Mit Ingolstadt und dem Vorjahressieger Wolfsburg liegen zwei ausgesprochene Autostädte an der Spitze des Dynamikrankings. Ingolstadt belegt Platz eins bei der Entwicklung der Wirtschaftsstruktur und befindet sich auch mit Blick auf den Immobilienmarkt, die Beschäftigung und die Lebensqualität in der Spitzengruppe.Darüber hinaus weist die Stadt die höchste Steigerung bei der kommunalen Steuerkraft auf. "Das Städteranking belegt die überragende Bedeutung der Automobilwirtschaft für den deutschen Wirtschaftsaufschwung. Ob Ingolstadt, Wolfsburg oder München - wo die Autokonzerne stark sind, prosperiert auch die Stadt. Aber darin liegt zugleich ein Risiko:Wer sich zu monostrukturell aufstellt, der erlebt auch die Krisen der Branche hautnah mit. Und die werden wiederkommen", kommentiert Dr. Miriam Meckel, Chefredakteurin der WirtschaftsWoche.

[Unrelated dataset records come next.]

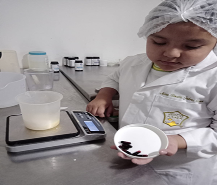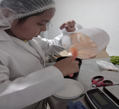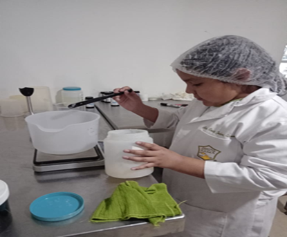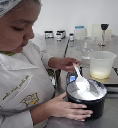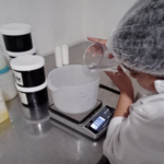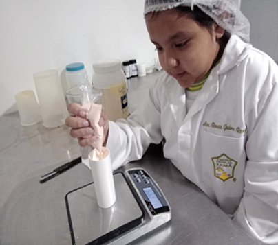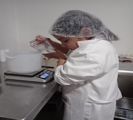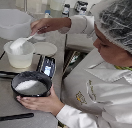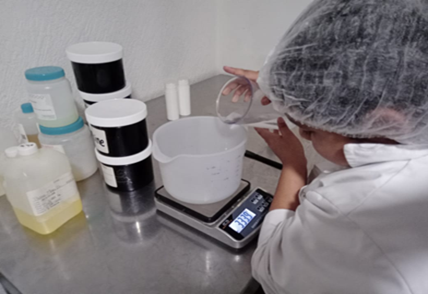 Pesar en un recipiente las materias primas en un recipiente.
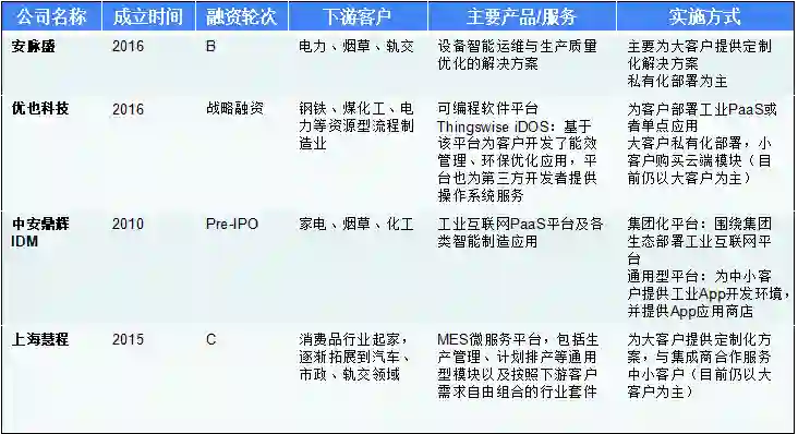非平台类企业则为客户交付最终产品、方案为主,一类企业是直接为客户提供产品化的SaaS应用,比如黑湖智造、海岸线科技;还有一类企业是针对客户的设备生产机理、行业Know-How提供智能化解决方案,比如安脉盛、寄云科技。这些非平台公司内部,尤其是解决方案类公司,往往会在公司内部形成类似PaaS平台的技术中台。
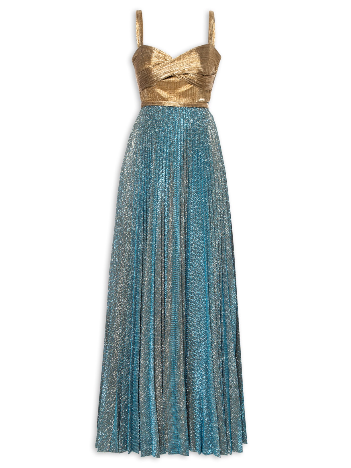 O vestido azul é confeccionado em malha com fios de lurex e baixa elasticidade. A peça justa na altura do busto e da cintura e solta no comprimento possui decote coração, alças médias, sem bojo, barbatanas embutidas na parte frontal na altura do busto e da cintura, parte superior dourada, detalhe de transpasse na altura do busto, saia plissada, comprimento longo e fechamento lateral por zíper.

Den größten Aufstieg im Dynamikranking schafften die Städte Heilbronn (plus 21 Plätze auf Rang 3), Pforzheim (plus 20 Plätze auf Rang 12) und Wiesbaden (plus 20 Plätze auf Rang 29). In Niedersachsen konnten sich nahezu alle Städte verbessern und finden sich unter den Top 20 wieder. Dagegen fielen viele Städte im Westen zurück. Bonn fiel um 27 Plätze auf Rang 48, Köln um zehn Plätze auf Rang 50 und Münster um 11 Plätze auf Rang 52. Kleine Lichtblicke in NRW sind dagegen Wuppertal (plus 15 Plätze auf Rang 39), Solingen (plus 13 Plätze auf Rang 47) und Remscheid (plus 12 Plätze auf Rang 57). "Dank der starken interkommunalen Zusammenarbeit, einer prosperierenden Industrie und dem Engagement zahlreicher wirtschaftsnaher Entwicklungsinstitute haben die Städte des Bergischen Städtedreiecks stark aufgeholt", so die WirtschaftsWoche-Chefredakteurin Dr. Miriam Meckel.

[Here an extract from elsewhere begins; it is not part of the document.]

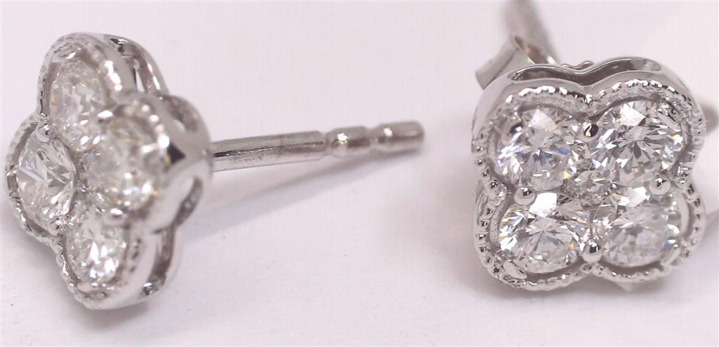 LADY'S WHITE 14 KARAT MILGRAIN CLOVER STUD EARRINGS WITH 0.50TW ROUND DIAMONDS
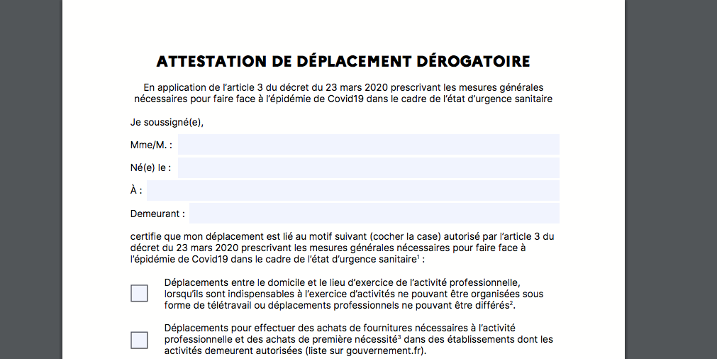 Suite à l’augmentation des restrictions, liées au confinement, annoncées par le Premier ministre Edouard Philippe, de nouvelles attestations ont été mis en place.

Darmstadt gewinnt Zukunftsindex 2030

Darmstadt verfügt unter allen deutschen Großstädten über die besten Voraussetzungen für den Start in die digitale und vernetzte Wirtschaft. So weist Darmstadt unter allen deutschen Großstädten den höchsten Anteil an Industrie-4.0-affinen Unternehmen und den höchsten Anteil an MINT-Absolventen an den sozialversicherungspflichtig Beschäftigten auf. Mit dem Anteil der Beschäftigten im Bereich der kreativen Dienstleistungen liegt Darmstadt auf Platz 3. Den zweiten Platz im Zukunftsindex 2030 belegt Erlangen. Sowohl beim Anteil der Beschäftigten mit Hochschul- oder Fachhochschulabschluss als auch bei den Patentanmeldungen liegt die fränkische Universitätsstadt auf Rang 1. "Das Erfolgsrezept der zukunftsfähigsten Standorte gründet sich auf einen Dreiklang aus starken Wirtschaftsunternehmen, innovativen Forschungseinrichtungen und hochkarätigen Universitäten", fasst Christian Gisy, Finanzvorstand der Scout24 AG, die Ergebnisse des Zukunftsindex 2030 zusammen.

Immobilienmärkte als Indikator für wirtschaftliche Prosperität

Wie gut es sich in den deutschen Städten lebt, spiegelt sich auch in den jeweiligen Immobilienpreisen wider. Dabei zeigt sich eine ambivalente Entwicklung. Je attraktiver eine Stadt ist und je höher dort die Nachfrage nach Wohnraum ausfällt, umso mehr treibt dies auch die Preise. So ist in Freiburg und München der Anteil der Wohnkosten am monatlichen Einkommen mit 29,3 beziehungsweise 27,1 Prozent besonders hoch.

"Ein boomender Immobilienmarkt ist ein Indikator für wirtschaftliche Prosperität", sagt Christian Gisy, Finanzvorstand der Scout24 AG. "Aus Investorensicht sind diejenigen Städte am attraktivsten, in denen Mieten und Kaufpreise noch moderat sind. Beispielsweise die Topstädte des Zukunftsindex 2030 versprechen gute Renditeaussichten. Sie werden aufgrund attraktiver Arbeitgeber das größte Wachstum hinsichtlich der Einkommen haben und zahlungskräftige Mieter und Käufer anziehen." Die Renditeerwartung bei den Zukunftsstädten liegt bei bis zu 5 Prozent.